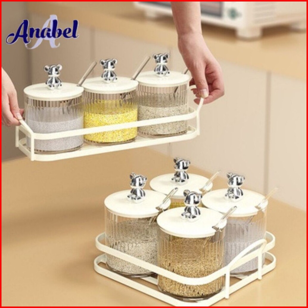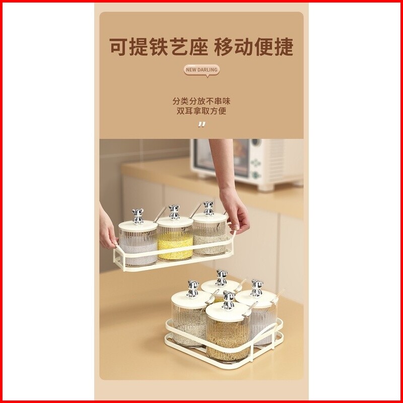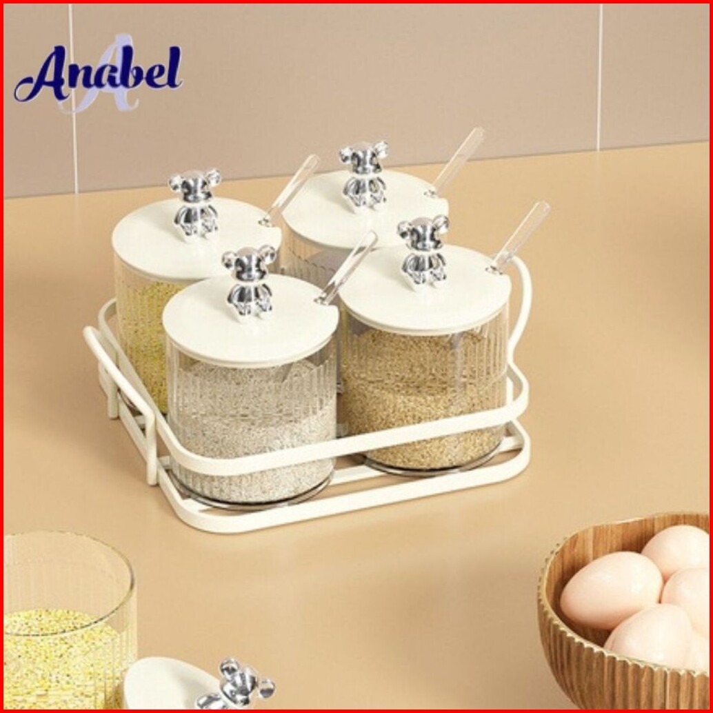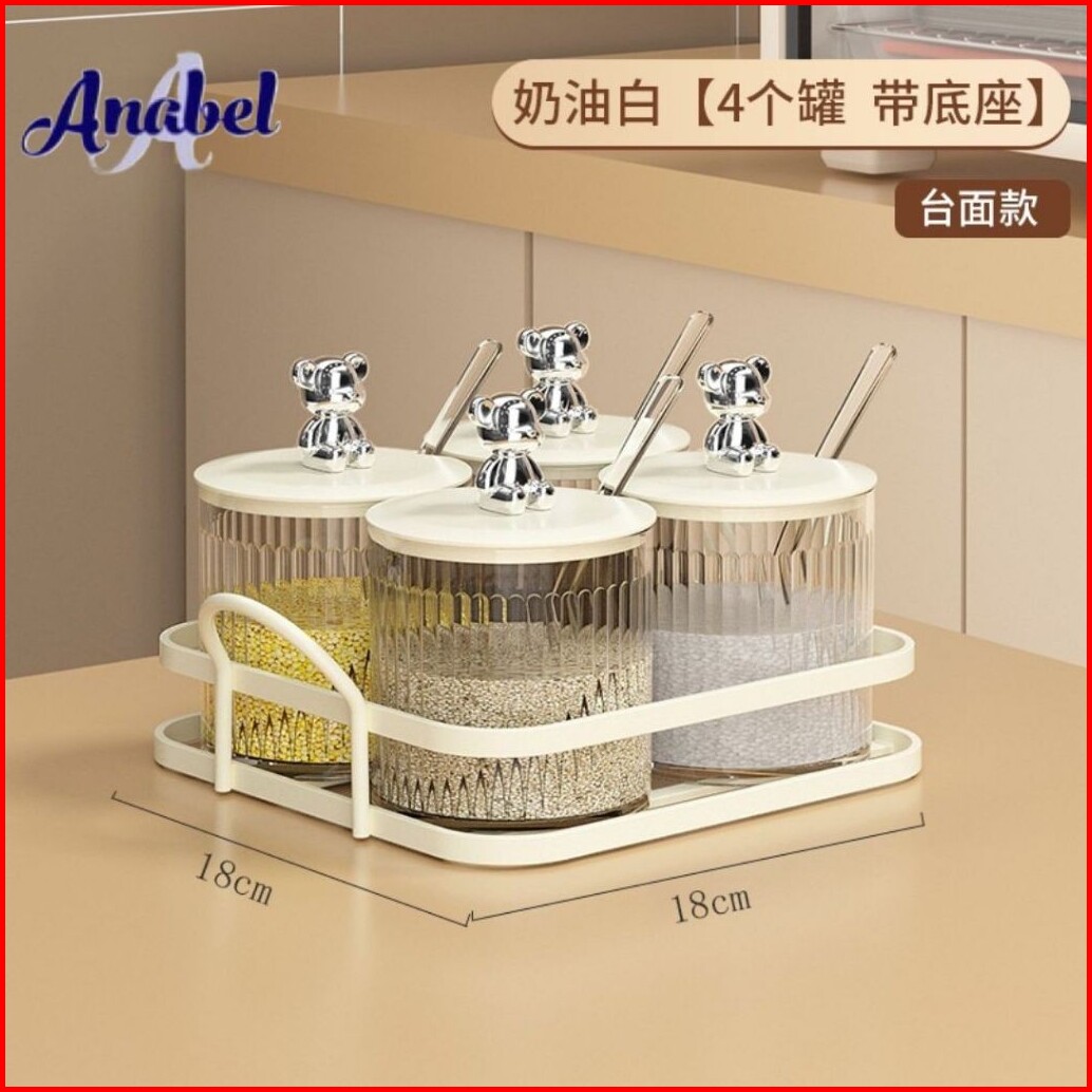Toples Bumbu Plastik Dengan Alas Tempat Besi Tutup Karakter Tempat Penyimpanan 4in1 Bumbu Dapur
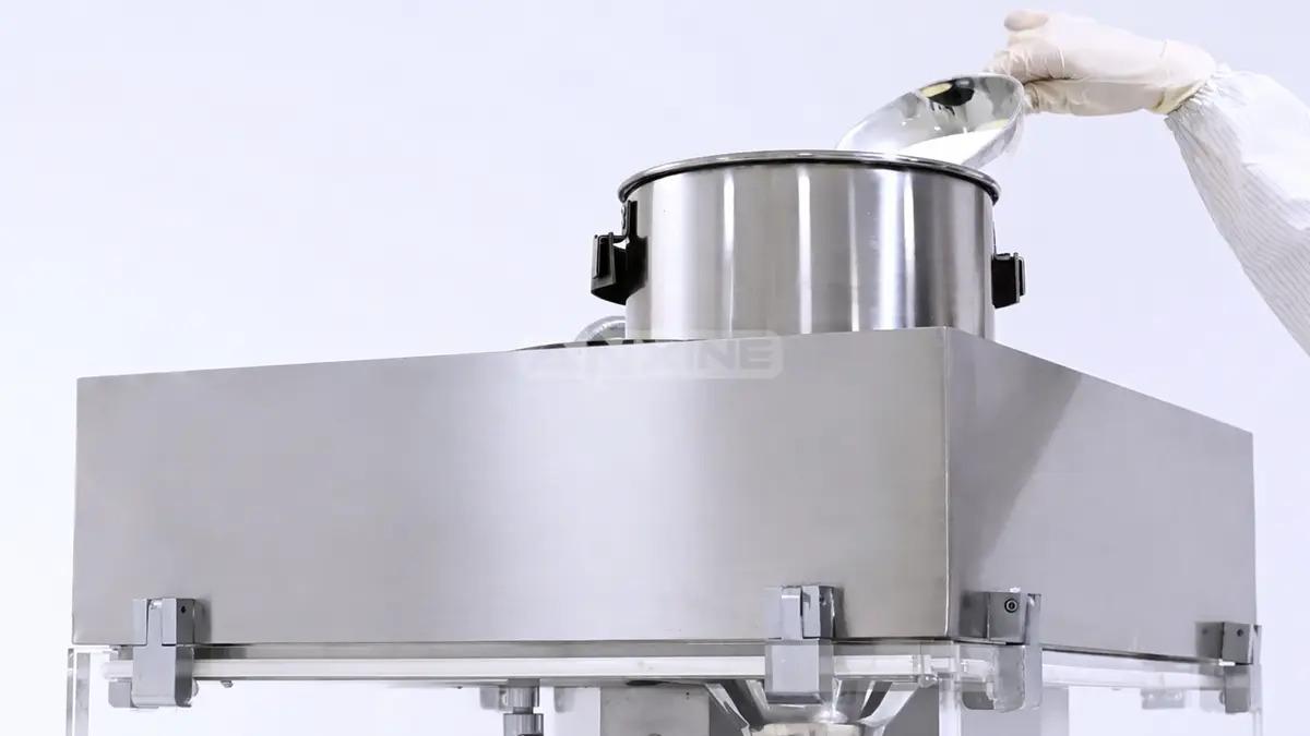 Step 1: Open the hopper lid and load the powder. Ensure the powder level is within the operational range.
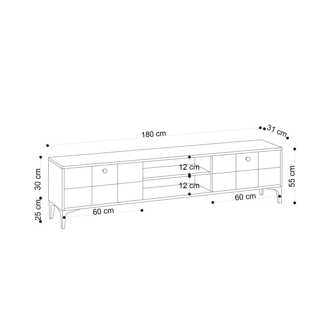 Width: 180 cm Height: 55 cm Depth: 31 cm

ASSIGNED TASK:
An exact copy of the material above is required, minus its images.

YOUR SOLUTION:
Toples Bumbu Plastik Dengan Alas Tempat Besi Tutup Karakter Tempat Penyimpanan 4in1 Bumbu Dapur
 Step 1: Open the hopper lid and load the powder. Ensure the powder level is within the operational range.
 Width: 180 cm Height: 55 cm Depth: 31 cm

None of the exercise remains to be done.